RAW DATA:
* * * *
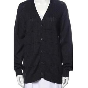 Unisex Oscar De La Renta XXL Dk Gray 5 Button Down Long Sleeve V Neck Cardigan Sweater
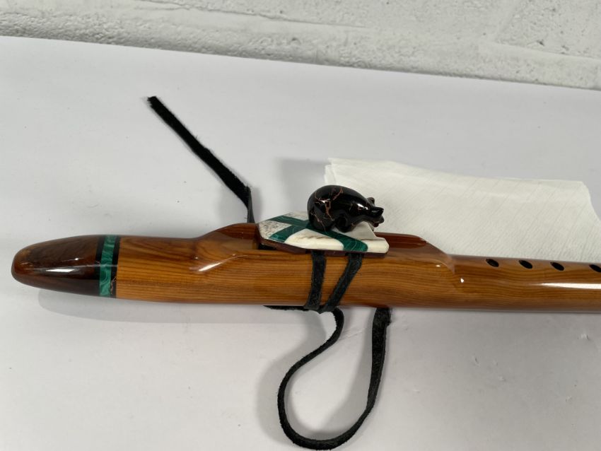 An as new Woodsounds Mid G-4 T3J handcrafted flute with a black bear totem.
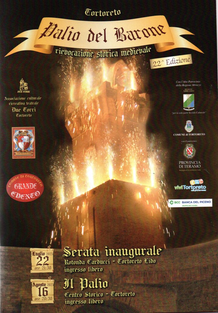 Sabato, 16 agosto, ore 20, è la serata del Palio con la sfida finale dei rioni storici Terravecchia e Terranova. Le vie del centro storico saranno animate fin dal pomeriggio da mercanti e mestieranti di un tempo, poi inizierà il maestoso corteo storico medievale con oltre 400 figuranti che indosseranno preziosissimi costumi fedelmente riprodotti da dipinti e immagini d’epoca. Una serata piena di storia, magia, fascino e attrazioni. Tante saranno le delegazioni ospiti provenienti da Marche e Abruzzo e tanti gli artisti e rievocatori tra i più gettonati in ambito nazionale e non solo, che animeranno le feste a corte arrivando dalla: Toscana, Lazio, Umbria e Marche. Sarà assegnato il Premio speciale dedicato alla memoria di “Gabriele Di Davide”, 5° edizione, al gruppo che ha contribuito con più assiduità al successo del Palio. La presentazione della serata sarà affidata al direttore artistico della manifestazione nonché attore, regista ed eclettico dicitore medievale, Fabio Di Cocco. A conclusione della rievocazione il cielo si colorerà di gioia e bellezza quando sarà inscenato “l’Incendio della Torre” eseguito da una prestigiosa ditta pirotecnica. Per la prima volta
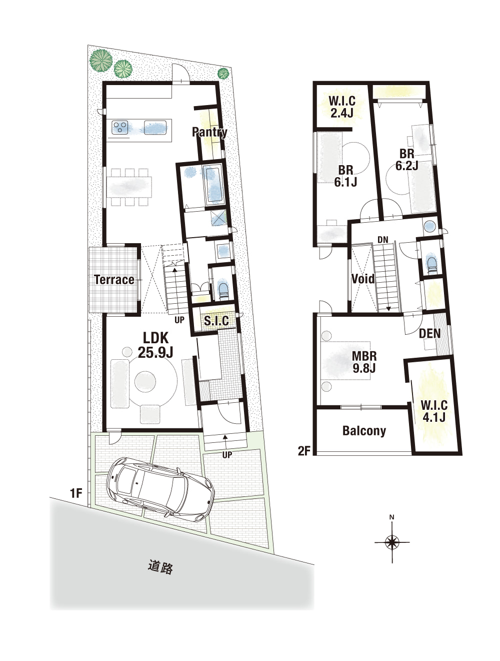 間取り 3LDK+DEN(書斎)+W.I.C×2+S.I.C+パントリー
* * * *
WORK REQUIRED: Set down the material word for word, and drop every picture from it.

ANSWER FOR THIS EXERCISE:
 Unisex Oscar De La Renta XXL Dk Gray 5 Button Down Long Sleeve V Neck Cardigan Sweater
 An as new Woodsounds Mid G-4 T3J handcrafted flute with a black bear totem.
 Sabato, 16 agosto, ore 20, è la serata del Palio con la sfida finale dei rioni storici Terravecchia e Terranova. Le vie del centro storico saranno animate fin dal pomeriggio da mercanti e mestieranti di un tempo, poi inizierà il maestoso corteo storico medievale con oltre 400 figuranti che indosseranno preziosissimi costumi fedelmente riprodotti da dipinti e immagini d’epoca. Una serata piena di storia, magia, fascino e attrazioni. Tante saranno le delegazioni ospiti provenienti da Marche e Abruzzo e tanti gli artisti e rievocatori tra i più gettonati in ambito nazionale e non solo, che animeranno le feste a corte arrivando dalla: Toscana, Lazio, Umbria e Marche. Sarà assegnato il Premio speciale dedicato alla memoria di “Gabriele Di Davide”, 5° edizione, al gruppo che ha contribuito con più assiduità al successo del Palio. La presentazione della serata sarà affidata al direttore artistico della manifestazione nonché attore, regista ed eclettico dicitore medievale, Fabio Di Cocco. A conclusione della rievocazione il cielo si colorerà di gioia e bellezza quando sarà inscenato “l’Incendio della Torre” eseguito da una prestigiosa ditta pirotecnica. Per la prima volta
 間取り 3LDK+DEN(書斎)+W.I.C×2+S.I.C+パントリー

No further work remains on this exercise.